I sat up. My left leg was numb from my hip to my toes. I gingerly plopped into a wheel chair and was rolled out into the waiting room. I struck up a conversation with a forty something man who had a walker. He was a retired Marine who had 16 years of pain after 20 years of service. The VA and Walter Reed had done all they could for him. He’d had the same injections that I had. “I can’t have any more,” he said.

As he rose to go into the examining area, he turned and quietly said, “Oorah.”

Semper fi, dude.

Count your lucky stars, I thought.

The feeling in my leg returned in stages beginning in my foot and working its way up. I left with only a slight numbness in my thigh after 50 minutes.

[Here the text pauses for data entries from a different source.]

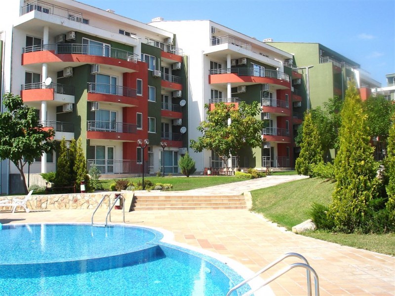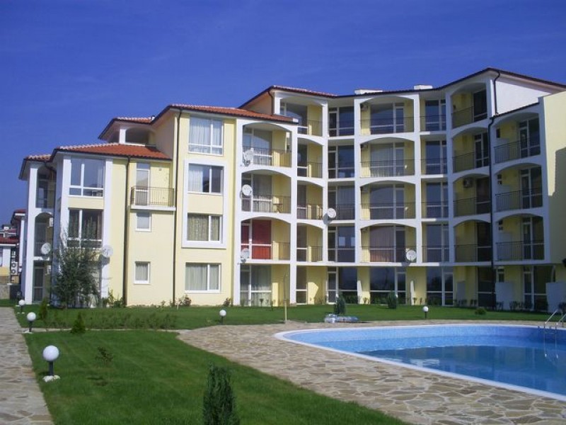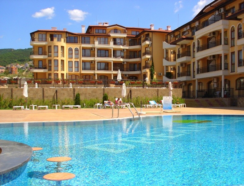 Цена: 26 900 евро Просторная студия в комплексе, расположеннном в элитной северной части Солнечного Берега (где Солнечный берег переходит в Святой Влас) в непосредственной близости к пляжу, где сосновый лес сливается с морем и с золотой песчаной полосой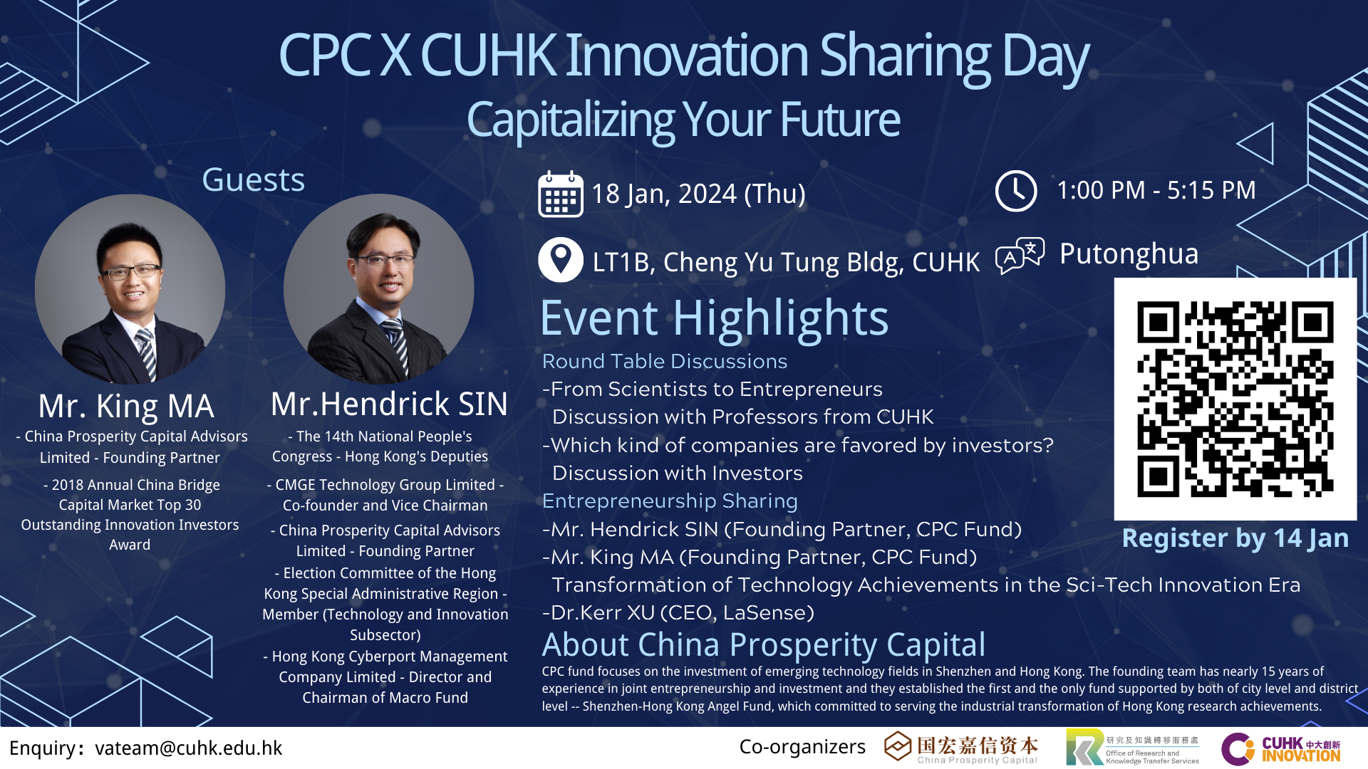 國宏嘉信資本 X 香港中文大學 創投互動日 | CPC X CUHK Innovation Sharing Day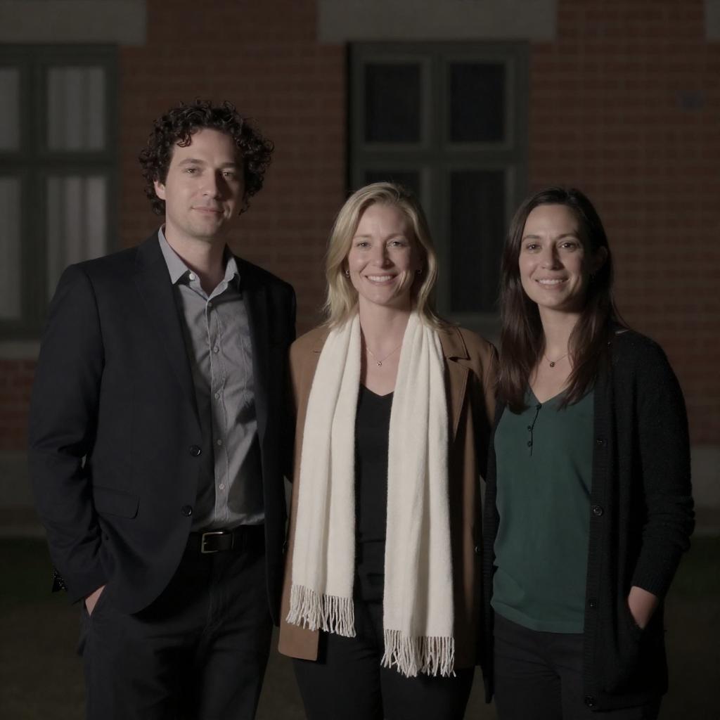 Photograph of three people standing in an outdoor, dimly-lit setting. Three individuals: man with curly dark hair, gray shirt, and black blazer; blonde woman with white scarf, brown jacket, black top; woman with dark hair, green top, black cardigan. All smiling. Background: old brick building, window. Man on left, blonde woman in center, dark-haired woman on right. Hands in pockets.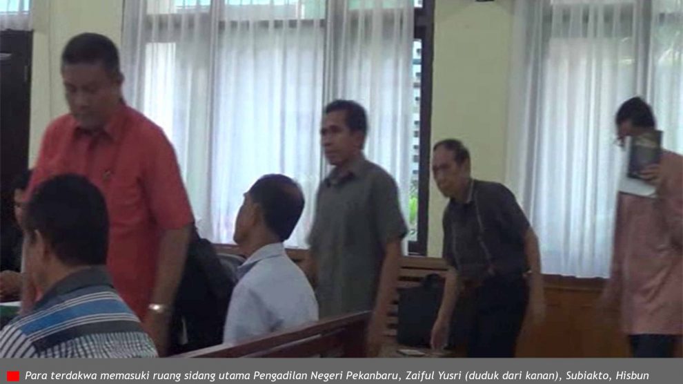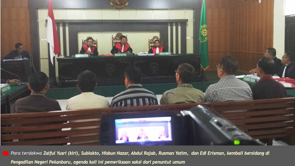 Video pemeriksaan saksi PN Pekanbaru, 28 Desember 2017—Pukul 16.25, hakim Bambang Miyanto membuka sidang tipikor kasus penerbitan sertifikat dalam kawasan Taman Nasional Tesso Nilo, dengan terdakwa Zaiful Yusri, Hisbun Nazar, Rusman Yatim, Edi Erisman, Abdul Rajab Nainggolan dan Subiakto...

I refrained from leaping for joy and yelling “I’M CURED!!!” Mostly because the doctor’s self care sheet said the shot wouldn’t really take effect for a week to ten days. I can take OTC pain killers. I must keep a day-by-day account of my pain progress. In a month I go back to Dr. Pain to see if I need another set of injections. 

I hope not.


Before I forget, I need to welcome back Jessica from her adventures around the Pacific Rim. I started nearly every day of this pain party reading one of her upbeat posts on Facebook, often documenting her doing inane things such as rolling down a hill in a giant translucent ball or lowering herself into a Viet Cong tunnel. From time to time, she recapped her antics in her blog, which I highly recommend. Thanks for keeping my spirits up, Jessica.

Left leg saga continued

On Sunday, I rode the Hains Point 100, the final event ride of the year (for me anyway) in DC. The ride is 30 laps of a 3.3-mile circuit in East Potomac Park, down to Hains Point and back. It’s about as flat a course as you can find. Serious riders form fast-moving pelotons. We mere mortals ride a few laps, socialize, munch goodies, and hang out at the raffle. (I won a gift certificate to a taco place a mile from my physical therapist. The burrito gods are on my side.)

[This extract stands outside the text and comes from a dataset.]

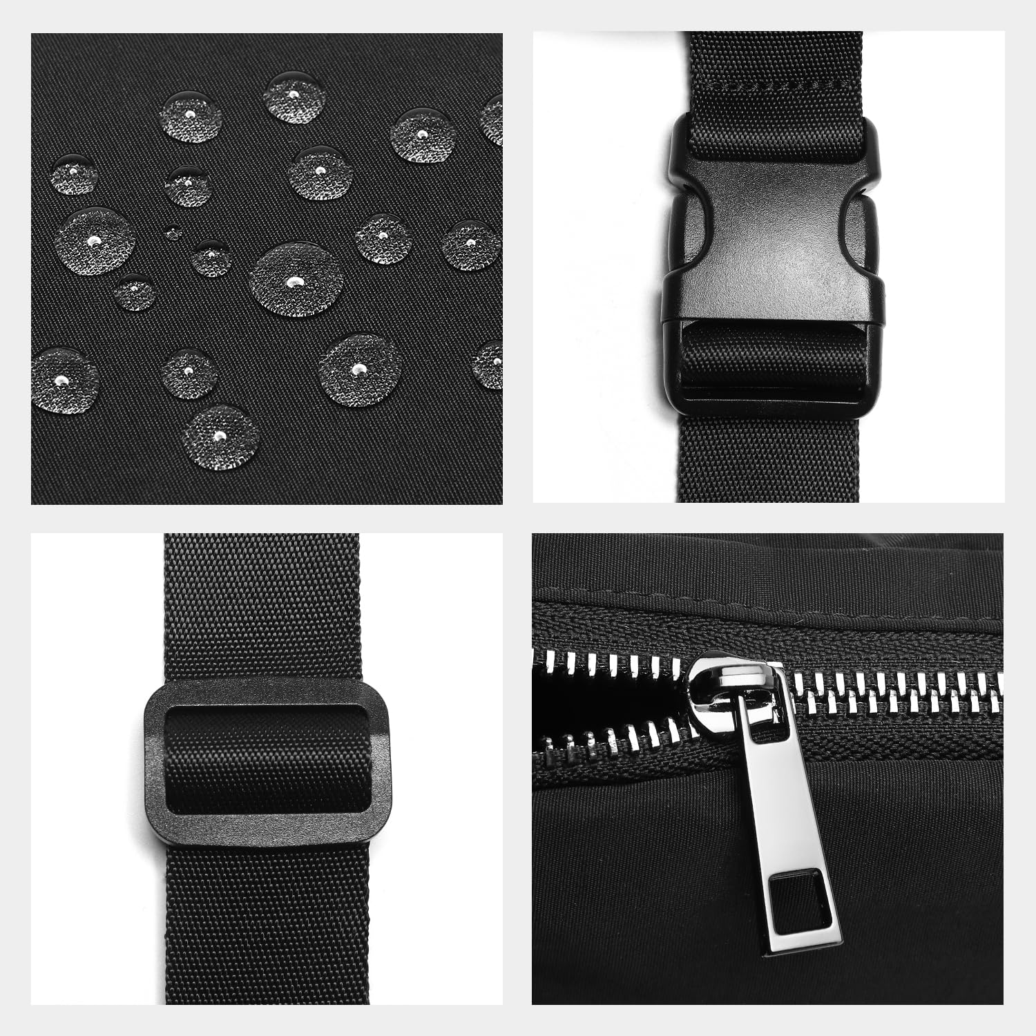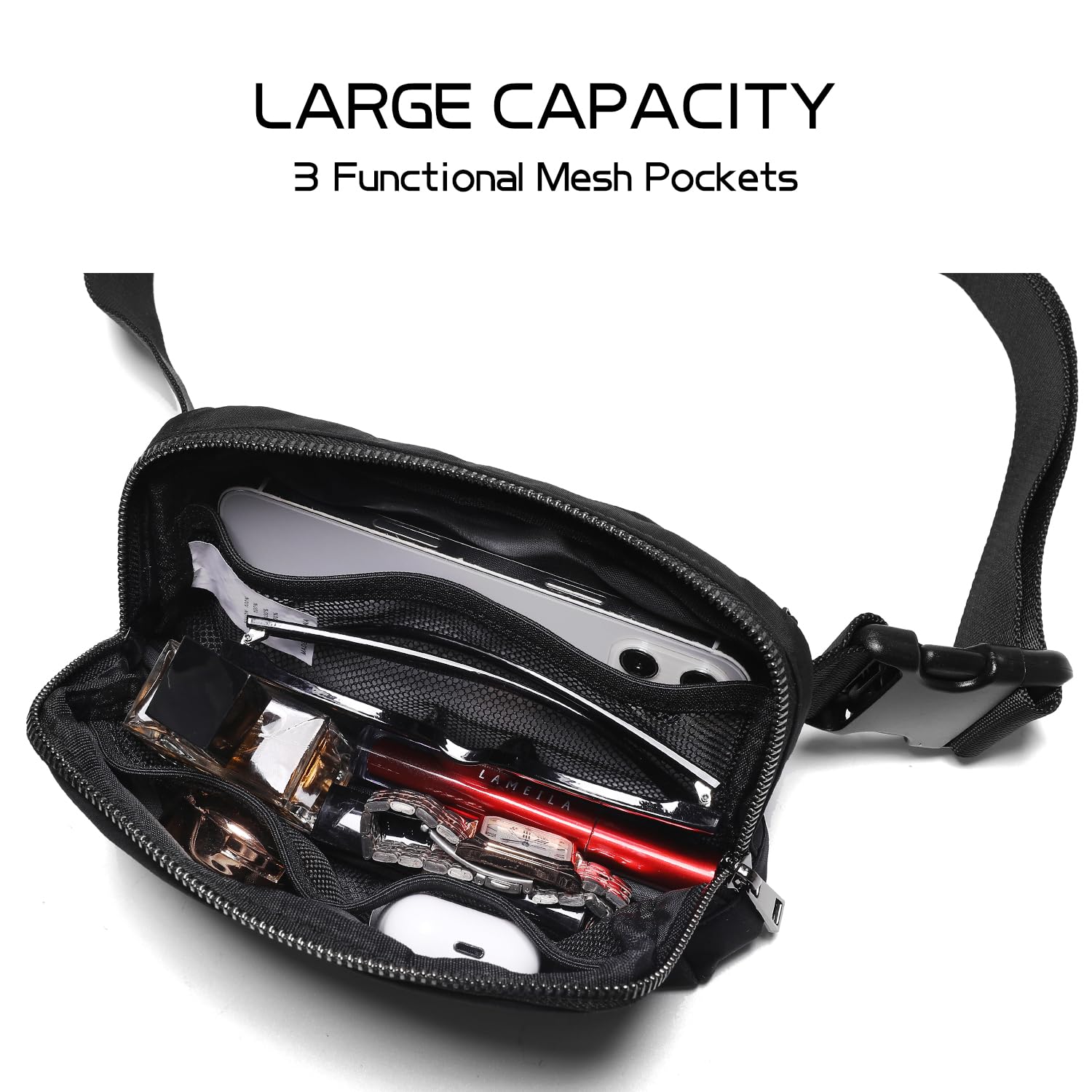 [Product Features]: The fanny pack is made of a skin-friendly clothing material (nylon). It is lightweight, easy to clean and water resistant. it features sturdy double zip pockets and adjustable straps, as well as three mesh pockets to store items that are prone to scratching, such as mobile phones and watches etc.

I had no intention of riding anything close to 100 miles. It was pretty cold, in the 30s for much of the time I would be riding. The Mule and I took it easy, rolling along, mostly at 12 miles per hour, but, occasionally cranking it up to 20. My legs were holding up just fine. Until about 28 miles into the ride, that is. The ache in my left leg, formerly only present when I was walking, appeared. I managed to ride another 9 1/2 miles with plenty of rest stops but I was really not a happy camper.

Fortunately, I made an appointment with my orthopedist on Monday. I felt fine when I woke up. Oh, great. What will I tell the doctor? I decided to do some stocking shopping before my appointment. I lasted 50 feet before my leg started aching again.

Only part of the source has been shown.